Problem to solve: Using the records that follow, reproduce exactly the lines starting at the line containing "Warszawa, zniszczony pomnik" and ending at the line containing "James H. Heal". Include both end lines and no pictures.

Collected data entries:
*** Begin section ***
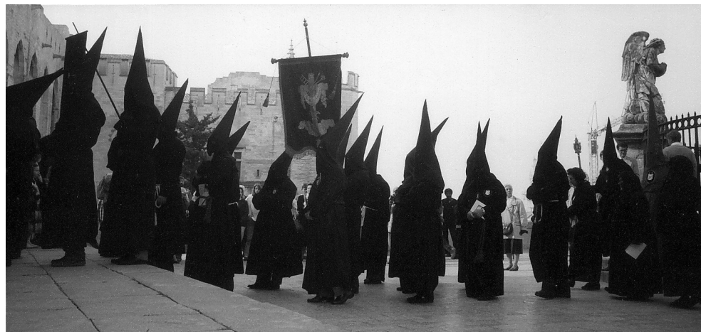
Basilique d'Avignon, 1990, Grande maintenance des pénitents

C'est ainsi que Roche et Guérin, médecins de l'Hôpital Général d'Avignon, approuvaient sans réserve l'ouvrage anonyme publié en 1813, à compte d'auteur, traitant de « La Science de la Santé soit pour le moral soit pour le physique ».
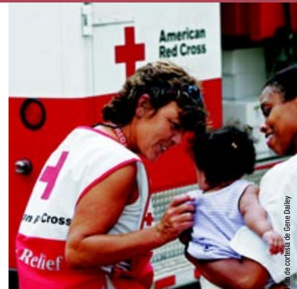
Esfuerzos de auxilio de la Cruz Roja después del huracán, Slidell, LA
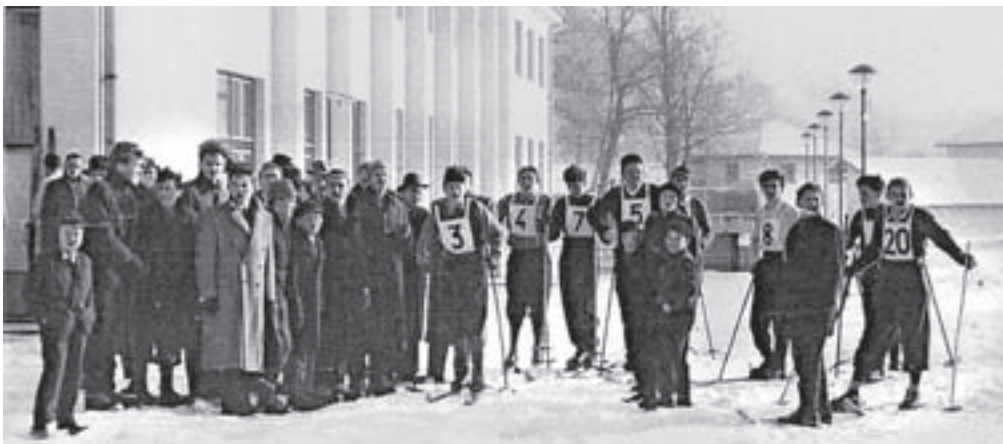
Start tekme smučarskih tekačev (najverjetneje leta 1956) pred današnjim Domom kulture Kamnik

Iz njegovih zapisov lahko razberemo vrsto zanimivosti, kot denimo to, da sta bila start in cilj tekem za smučarske tekače na Glavnem trgu, kasneje pa pred današnjim Domom kulture Kamnik, da so smučali tudi na Menini planini, da so mladi na Malih poljanah 'sezidali' preprosto skakalnico iz snega in na njej skakali po deset, petnajst metrov daleč ter se tako kalili za večje skakalnice, in da so tudi nekdanj že imeli težave z zelenimi zimami. »V letih 1935,
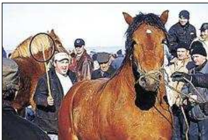
Der dicke Stock, mit dem das verschüchterte Pferd durch die Menschenmenge getrieben wurde, ist durch die Schläge abgebrochen

Über 1.500 Pferde wurden geschlagen, getreten und durch Menschenmassen von Schaulustigen getrieben! „Niemand ging mit dem 'wertlosen Schlachtvieh' zimperlich um. Es war furchtbar, so viel Tierquälerei mit ansehen zu müssen,“ so die Beobachter der Tier-WeGe .
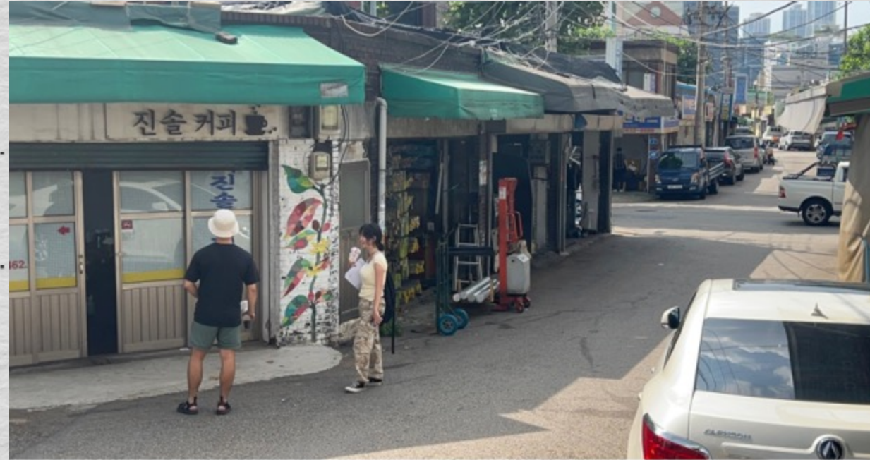
Cadrago Jul 27, 2023 3:43:57 PM RED Komodo | 6K 17:9 | 17:9 35mm Samyang / Rokinin XEEN CF | H: 42.2° V: 23° D: 47.2° TILT -10° NW 302°
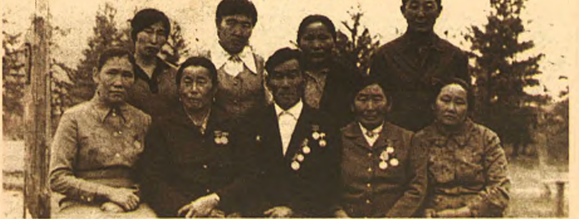
Хуһан-Хушуунай гүүртэ. 1976 он

бэрхээр ажалаа ударидажа, бултадаа эбтэй зетэйгээр шармайн ажаллагша хэн. Миниишые аба эжын тэндэ хүдэлһэн хада, тэрэ үеын хаалишадай ажал һайн мэдэхэ байнаб. Колхоз-баабай тиихэдэ шадалтай гэжээлтэ тарья ехээр ургуудаг, силос гэшые гамгүй бэлдэдэг. Гүүртэ бүхэндэ кормоцех хүдэлхэ, үдэшэ үлгөөгүй үнээн бүхэндэ арбан табанай ведрогоор бурда эднюулхэ.
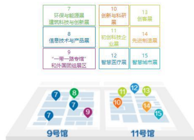
深圳國際會展中心(寶安) 展館平面圖

是屆高交會超過 4100 家展商，線下 11 個、線上 26 個國家和國際組織參加，現場觀眾近 15 萬人次，亦有有天津、山東等 9 家省市展團，清華大學、北京大學等 14 所學府展示研究成果。高交會由中國商務部、科學技術部、工業和信息化部、國家發展和改革委員會、農業農村部、國家知識產權局、科學院、工程院和深圳市人民政府共同主辦。高交會是中國最具影響力的科技類展會，在推動高新技術成果商品化、產業化、國際化，及促進國家、地區間的經濟技術交流與合作中發揮重要的作用。(高交會大會報告請留意 高交會網頁 公佈)
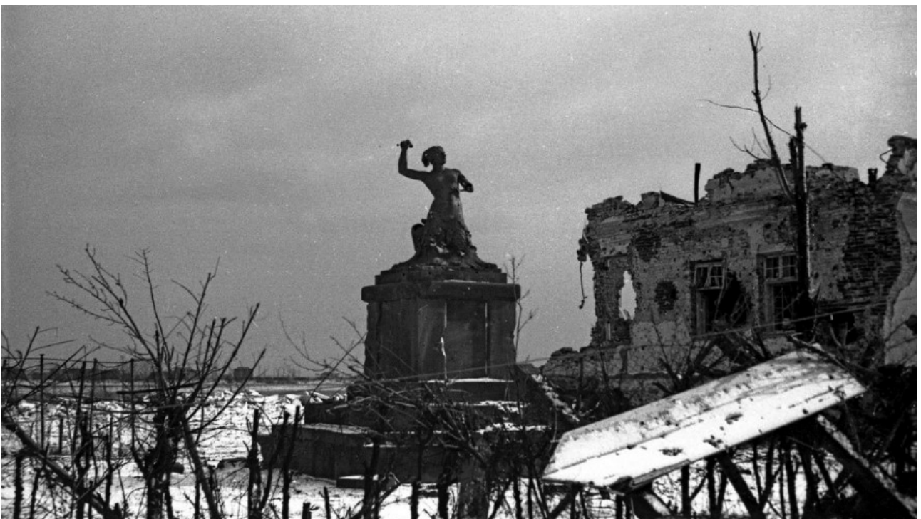
Warszawa, zniszczony pomnik Syrenki. Styczeń 1945 roku
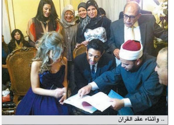
.. وإثناء عقد القران

على رغم السرية التي فرضها الفنان الشاب محمد حماقي على صور عقد قرانه على خطيبته نهلة، إلا أن موقع «أنا زهرة» نشر الصور الأولى لهذه المناسبة العائلية.
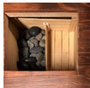
Meira að segja grjótið í ballestina var sótt inn í Ólafsfjörð.
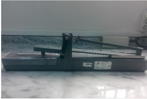
James H. Heal marka sürtme haslığı test cihazı (Crockmeter).

Özellikle örgü kumaşlarda olmak üzere birçok kumaş türünde diz, dirsek vb. bölgelerde oluşan zorlama etkisinin, patlama direnci esaslı ile test edilmesi için kullanılmaktadır.
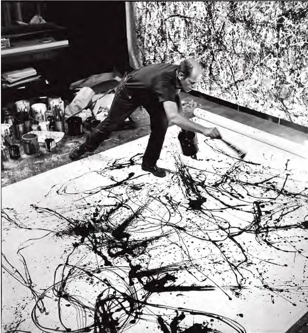
Hans NAMUTH (1915-1990), Jackson Pollock peignant , 1950, Tirage argentique gélatino-bromure 48,5 x 38,7 cm.
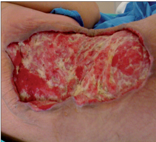
Fig. 6. Día 13 - Aspecto tras 5 curas con sistema VAC ©

Una vez limpia, granulada y libre de infección la zona problema (13 días después del desbridamiento), se procedió a su cobertura mediante injertos autólogos de piel de espesor parcial asociados de nuevo a terapia VAC® (KCI Clinic Spain, S.L.) con apósito Granofom a 125 mmHg durante 10 días, realizándose la primera cura al cuarto día y luego cada 48 horas (Fig. 7). En la primera cura tras injerto evidenciamos que éste estaba adecuadamente prendido y sin signos de complicación aguda tipo hematoma o infección, hecho que motivó la retirada del tratamiento antibiótico y el reinicio del tratamiento inmunosupresor suspendido, según recomendación de Nefrología.
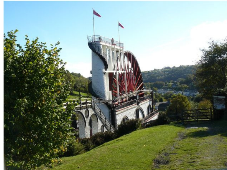
Verdens største vandmølle på Isle of Man.

Vandring i Nordengland og Isle of Man Billeder og fortælling af Vagn Andersen i Den Grønne Cafe onsdag d. 20. januar kl. 19.00
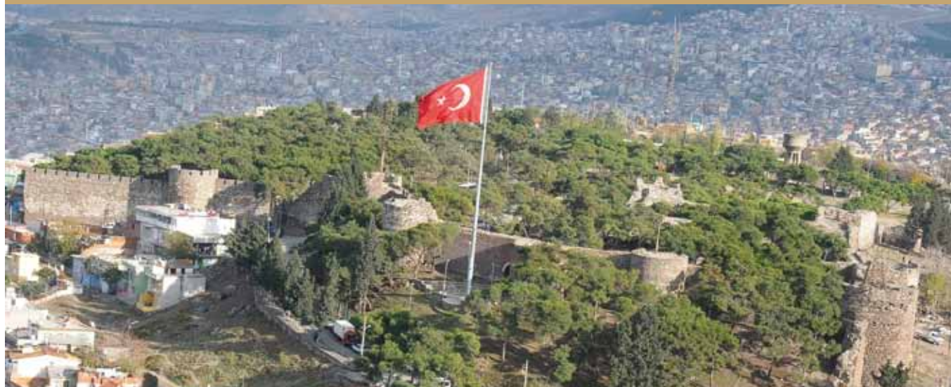
Kadifekale Mount Pagos

Lasciatisi alle spalle la vasta piazza di Konak ed il Palazzo del Governo, la Torre dell'orologio e poi il Museo Archeologico ed Etnografico, anticamente Ospedale Francese St. Roche per la cura della peste, ci si incammina verso il Monte Pagos (Kadifekale). La percurialità del luogo è determinata dal fatto che Lisimaco, generale del famoso re di Macedonia Alessandro Magno pose qui le fondamenta della città di Smirne. E sempre in questo luogo San Policarpo, Santo Protettore di Izmir, fu condannato a morte dai Romani nell'anno 155 e martirizzato nello stadio. Il Governatore di Roma Starzio Quadrato ne ordinò la condanna a morte. Il nome di questa famiglia si ritrova anche a Pergamo.
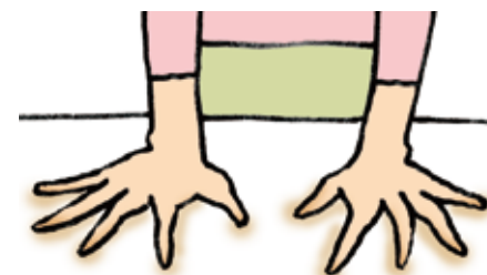
薬指と中指の間は、ちゃんと開いていますか？
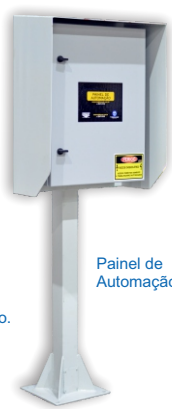
Painel de Automação

O sistema habilita tanto forma manual como de forma automática onde, pela forma manual, o operador faz o controle dos equipamentos disponíveis na automação (semáforos, cancelas e displays).
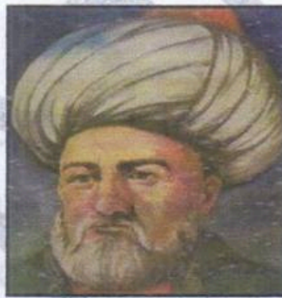
خير الدين برباروس
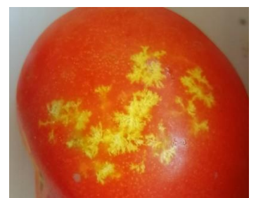
Dégâts de punaise
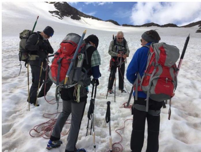
Hohenferner Köllkuppe (3330m)
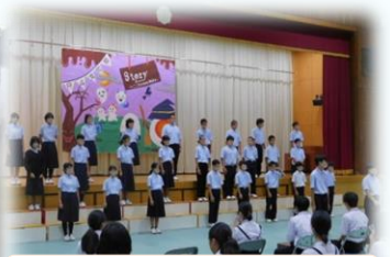
7年生合唱「マイパレード」
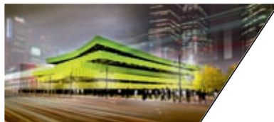
世宗社区活动中心 SOCIAL COMMUNITY CENTER
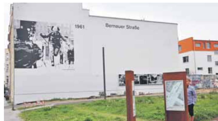
Berliner Mauer: Erinnerung an Mauerbau und Schießbefehl.

Hier spielten sich während des Mauerbaus Szenen ab, die die Welt erschütterten. Menschen seilten sich aus ihren Wohnungen auf die Straße in den Westteil ab, manche sprangen sogar aus den Fenstern. Hier wird an einem
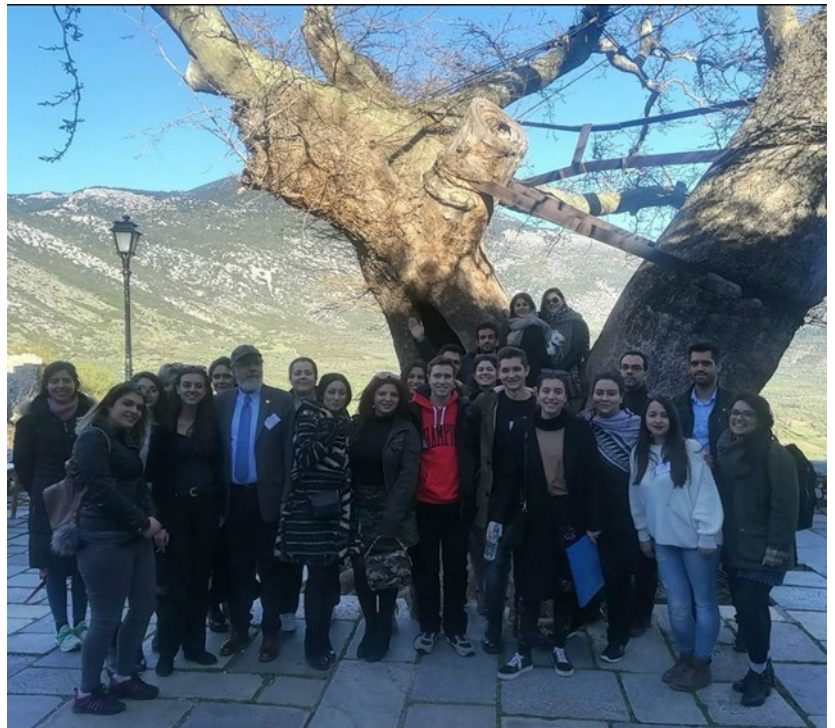
Οι συμμετέχοντες του Χειμερινού Σχολείου στην Ιερά Μονή Οσίου Λουκά
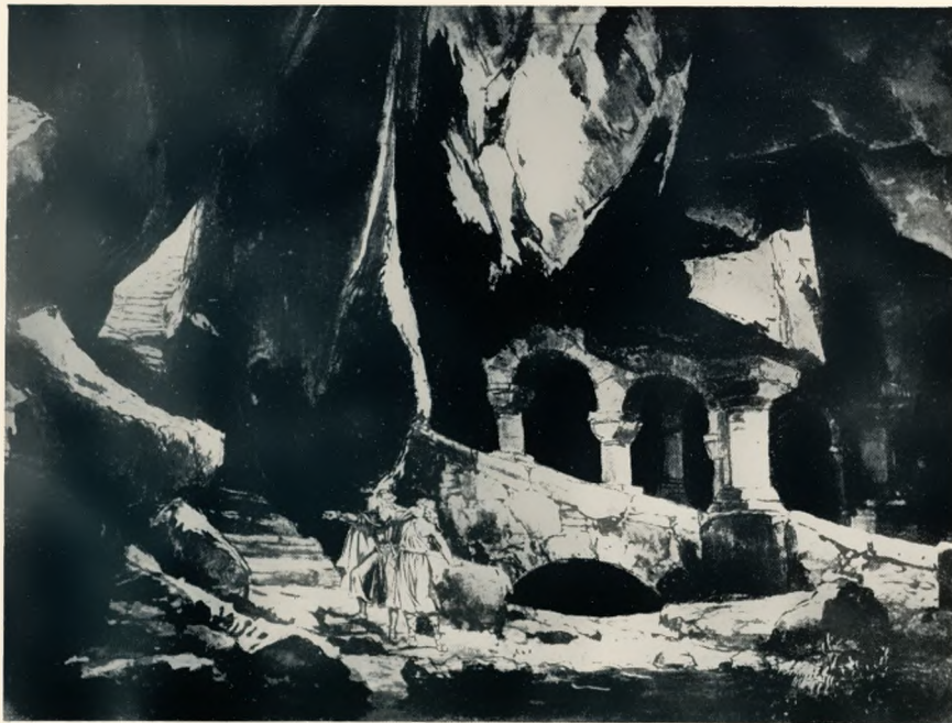
Die Uraufführung des „Parsifal“ im Bayreuther Festspielhaus vor fünfzig Jahren, am 26. Juli 1882 Szenenbild 1. Akt: Gurnemanz führt Parsifal nach der Gralsburg (Aus dem Reuter-Wagner-Museum in Eisenach)
*** End section ***
Solved exercise:
Warszawa, zniszczony pomnik Syrenki. Styczeń 1945 roku
.. وإثناء عقد القران

على رغم السرية التي فرضها الفنان الشاب محمد حماقي على صور عقد قرانه على خطيبته نهلة، إلا أن موقع «أنا زهرة» نشر الصور الأولى لهذه المناسبة العائلية.
Meira að segja grjótið í ballestina var sótt inn í Ólafsfjörð.
James H. Heal marka sürtme haslığı test cihazı (Crockmeter).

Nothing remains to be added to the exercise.